I strongly object decision to eliminate Pathway II exam. When one works for many years in very specialized field it is extremely chalenging to stay up to date in other fields of medicine. What kind of reaction some would expect from OBGYN docs who in order to be recertified need to answer adult, peds, ent e.t.c questions? What we REALY need -specialty exams.











Mikhail ,  PA-C,  Hospital September 13, 2007
Pittsburgh, PA



The PATH II should have stayed; the written questions were an excellent review of general medicine, requiring critical skills of diagnosis and treatment. As a PA who has always been and probably always will be in Dermatology, I think Path II much better addressed the requirement to stay familiar with medicine, being a self-study and test in one. The requirement for additional CME demonstrated one's commitment to the profession, to continued learning, to more than Multiple choice test taking skills.

Melissa Raue,  PA September 13, 2007
CT



I disagree with the decision to eliminate the Pathway II examination. Even though many of the questions were unrelated to the scope of my practice, I have to say that I did learn from it. Just sitting and answering random questions and not knowing what was correct or incorrect is a waste of time. Researching the questions and reading for the Pathway II makes more sense.Let's keep it!

todd  freedman,  physician assistant,  flushing hospital September 13, 2007
queens, NY



I have to disagree with the decision to eliminate the Pathway II examination. Though the questions were totally unrealistic. I feel taking the option away from the PAs shows just how far, NCCPA has moved away from us the PAs.
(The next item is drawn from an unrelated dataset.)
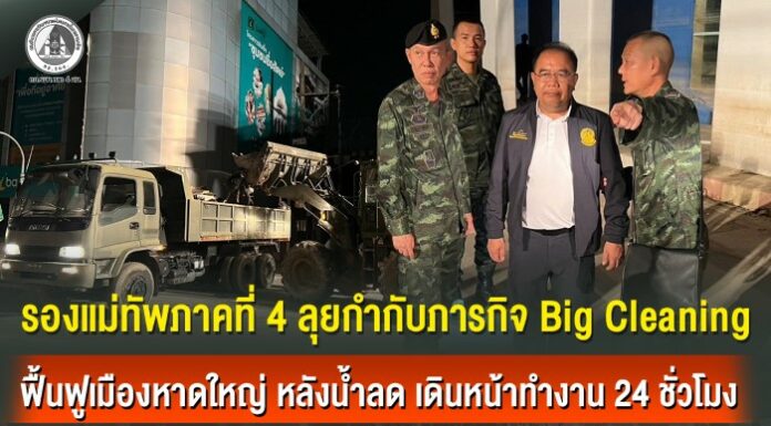 รองแม่ทัพภาคที่ 4 ลุยกำกับภารกิจ Big Cleaning ฟื้นฟูเมืองหาดใหญ่ หลังน้ำลด เดินหน้าทำงาน 24 ชั่วโมง

We have created a monster !!

James Bradley,  PA-C,  VAOPC September 13, 2007
New Port Richey, FL



I have worked for several years in chronic pain care and interventional pain medicine, do lots of injections and manage chronic pain medicines. My practice setting is a 70 member multi-specialty group. The recertification process in general medicine seems to ignore the fact that many PA's today are in highly specialized fields of care. PA's working in highly specialized care should be able to have Pathway II as an option.
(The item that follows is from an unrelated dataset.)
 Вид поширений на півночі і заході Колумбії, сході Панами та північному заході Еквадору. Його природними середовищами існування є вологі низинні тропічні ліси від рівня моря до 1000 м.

Michael Tindera,  PA-C,  AP&S September 13, 2007
Terre Haute, IN



I have to disagree with the decision to eliminate the Pathway II examination. I actually found it to be a useful exercise. In era of computerized resources, I found it to be a more realistic in the way most of us practice. You are posed with a question (a patient with a condition), you check available information, and you decide on the best treatment alternative. Compared to the stress of studying for the PANRE, I would take the Pathway II every time.
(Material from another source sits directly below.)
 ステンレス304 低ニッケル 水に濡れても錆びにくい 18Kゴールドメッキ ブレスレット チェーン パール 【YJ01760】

Julie Purcell,  PA-C,  Mt. Auburn Hospital September 13, 2007
Cambridge, MA



 

I disagree with the elimination of the pathway II, what is the difference if someone studies and learns from a test or studies and has 4 chances to pass a test in a testing environment. Their are a lot of people who are very competent in their ability and skills as a PA and are excellent clinicians, but have test anxiety. Eliminating this option takes away this option for people with test anxiety. Book smart/test smart and clinical smart are two different animals. Do you realize that 25% of PA certifying for the second time fail the recert exam, that many people can't be falling off, what is wrong with our testing? We are all different people and need different options.

Brandy Embry,  PA-CAugust 26, 2010
Dunn, NC



Wow, still getting hits! I think that for people that actually work for a living, take call, work week-ends, and have variable schedules, Pathway II was the way to go. I think we are being ripped off financially and being squeezed into one-size fits all testing. The rumor was PII was stopped since it was not intended to be a "learning experience." I found it to be the only practical way to recert q6y (which I think is gross overkill, but it keeps a bunch of non-clinical experts employed). I will celebrate the day I retire and can stop the biannual and 6 yearly torture.

Frank ,  PA-C,  ClinicApril 20, 2010
Southern, CA



I disagree with removing the Pathway II Exam. It is an excellent opportunity to gain knowledge of new treatment modalities. It is in itself a learning activity which is challenging.